--- Supplied material Enclosed Below ---
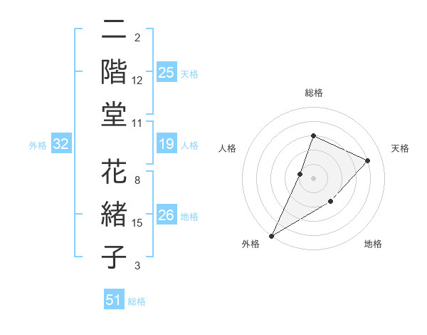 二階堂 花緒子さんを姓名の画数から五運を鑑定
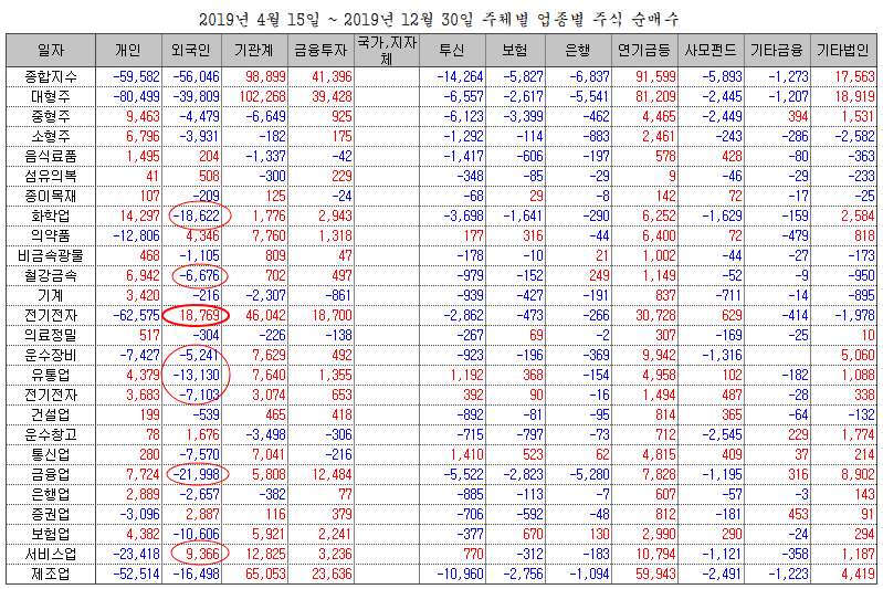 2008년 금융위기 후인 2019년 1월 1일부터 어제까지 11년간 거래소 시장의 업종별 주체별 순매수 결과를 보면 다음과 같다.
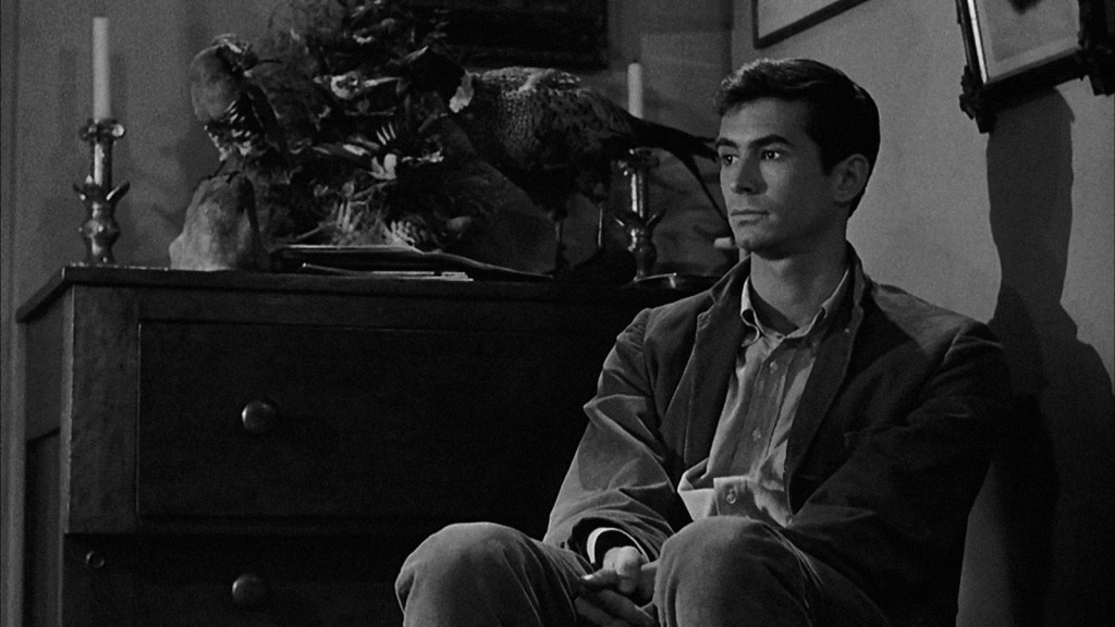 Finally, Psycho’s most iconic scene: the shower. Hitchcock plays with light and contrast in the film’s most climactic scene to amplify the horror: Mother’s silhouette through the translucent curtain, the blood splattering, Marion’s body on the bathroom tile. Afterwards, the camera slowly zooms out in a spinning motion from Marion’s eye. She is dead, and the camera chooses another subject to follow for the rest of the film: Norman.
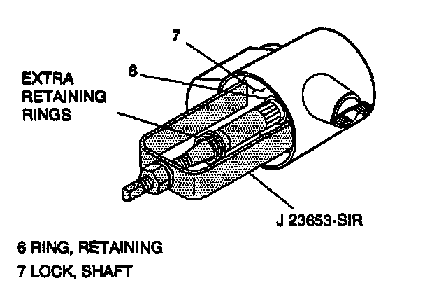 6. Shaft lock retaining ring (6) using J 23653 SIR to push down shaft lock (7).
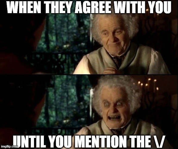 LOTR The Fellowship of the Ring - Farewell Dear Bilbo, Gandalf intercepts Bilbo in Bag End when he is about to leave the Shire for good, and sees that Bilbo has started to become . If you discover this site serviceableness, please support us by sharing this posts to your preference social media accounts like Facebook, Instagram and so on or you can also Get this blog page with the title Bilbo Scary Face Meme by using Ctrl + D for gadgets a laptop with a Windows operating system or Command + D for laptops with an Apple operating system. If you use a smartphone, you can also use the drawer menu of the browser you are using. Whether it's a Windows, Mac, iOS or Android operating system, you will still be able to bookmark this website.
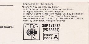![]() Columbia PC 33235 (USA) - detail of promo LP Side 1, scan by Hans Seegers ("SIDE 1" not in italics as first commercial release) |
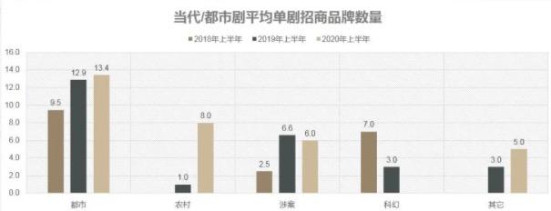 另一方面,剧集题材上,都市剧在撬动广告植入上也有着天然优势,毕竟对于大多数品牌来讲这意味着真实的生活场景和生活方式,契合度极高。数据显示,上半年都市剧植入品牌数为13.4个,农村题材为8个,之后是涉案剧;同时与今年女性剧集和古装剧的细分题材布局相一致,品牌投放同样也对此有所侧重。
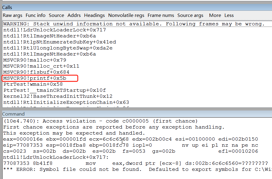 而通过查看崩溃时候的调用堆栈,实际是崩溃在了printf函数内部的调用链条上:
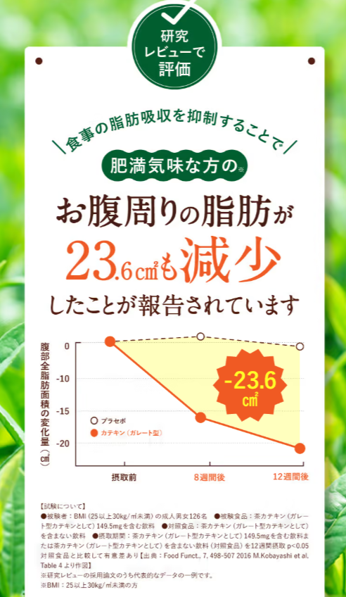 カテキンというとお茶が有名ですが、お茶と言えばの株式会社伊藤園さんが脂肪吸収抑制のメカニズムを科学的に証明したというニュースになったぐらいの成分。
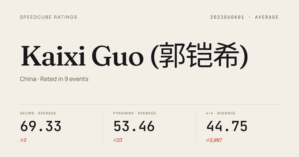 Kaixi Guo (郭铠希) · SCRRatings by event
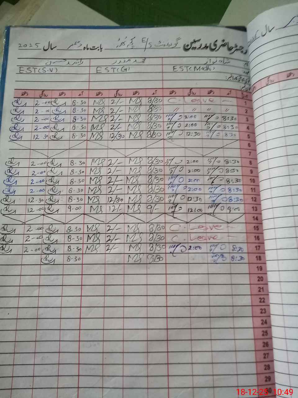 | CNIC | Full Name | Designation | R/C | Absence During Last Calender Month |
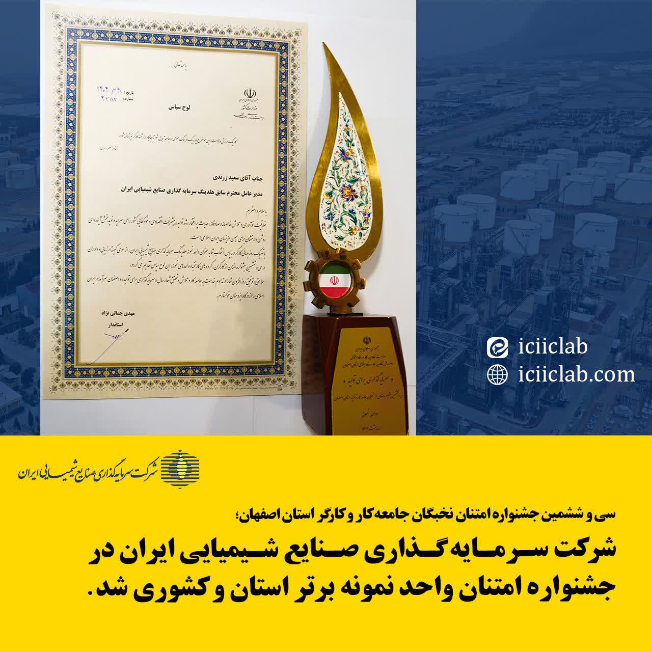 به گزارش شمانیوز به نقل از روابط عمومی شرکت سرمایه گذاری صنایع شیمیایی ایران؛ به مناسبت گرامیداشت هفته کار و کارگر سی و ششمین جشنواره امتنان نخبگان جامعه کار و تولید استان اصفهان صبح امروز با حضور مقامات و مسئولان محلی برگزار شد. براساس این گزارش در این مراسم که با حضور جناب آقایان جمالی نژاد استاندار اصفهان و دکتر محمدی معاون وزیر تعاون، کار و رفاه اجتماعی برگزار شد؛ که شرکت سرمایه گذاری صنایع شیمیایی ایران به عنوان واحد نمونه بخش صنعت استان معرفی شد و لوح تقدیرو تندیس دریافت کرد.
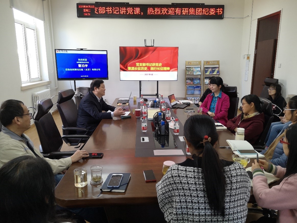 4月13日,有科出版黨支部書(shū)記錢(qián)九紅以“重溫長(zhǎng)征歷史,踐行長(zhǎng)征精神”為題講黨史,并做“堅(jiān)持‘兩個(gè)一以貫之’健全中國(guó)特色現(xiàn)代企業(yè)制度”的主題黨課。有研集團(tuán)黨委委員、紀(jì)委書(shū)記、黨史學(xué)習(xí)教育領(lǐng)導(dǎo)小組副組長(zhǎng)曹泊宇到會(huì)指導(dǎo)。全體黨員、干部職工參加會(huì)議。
--- End of Enclosed Supplied material ---
# About this exercise
Write out each line of the data above exactly, starting at the top and finishing with the line containing "6. Shaft lock"; omit the pictures.

# Answer box
 二階堂 花緒子さんを姓名の画数から五運を鑑定
 2008년 금융위기 후인 2019년 1월 1일부터 어제까지 11년간 거래소 시장의 업종별 주체별 순매수 결과를 보면 다음과 같다.
 Finally, Psycho’s most iconic scene: the shower. Hitchcock plays with light and contrast in the film’s most climactic scene to amplify the horror: Mother’s silhouette through the translucent curtain, the blood splattering, Marion’s body on the bathroom tile. Afterwards, the camera slowly zooms out in a spinning motion from Marion’s eye. She is dead, and the camera chooses another subject to follow for the rest of the film: Norman.
 6. Shaft lock retaining ring (6) using J 23653 SIR to push down shaft lock (7).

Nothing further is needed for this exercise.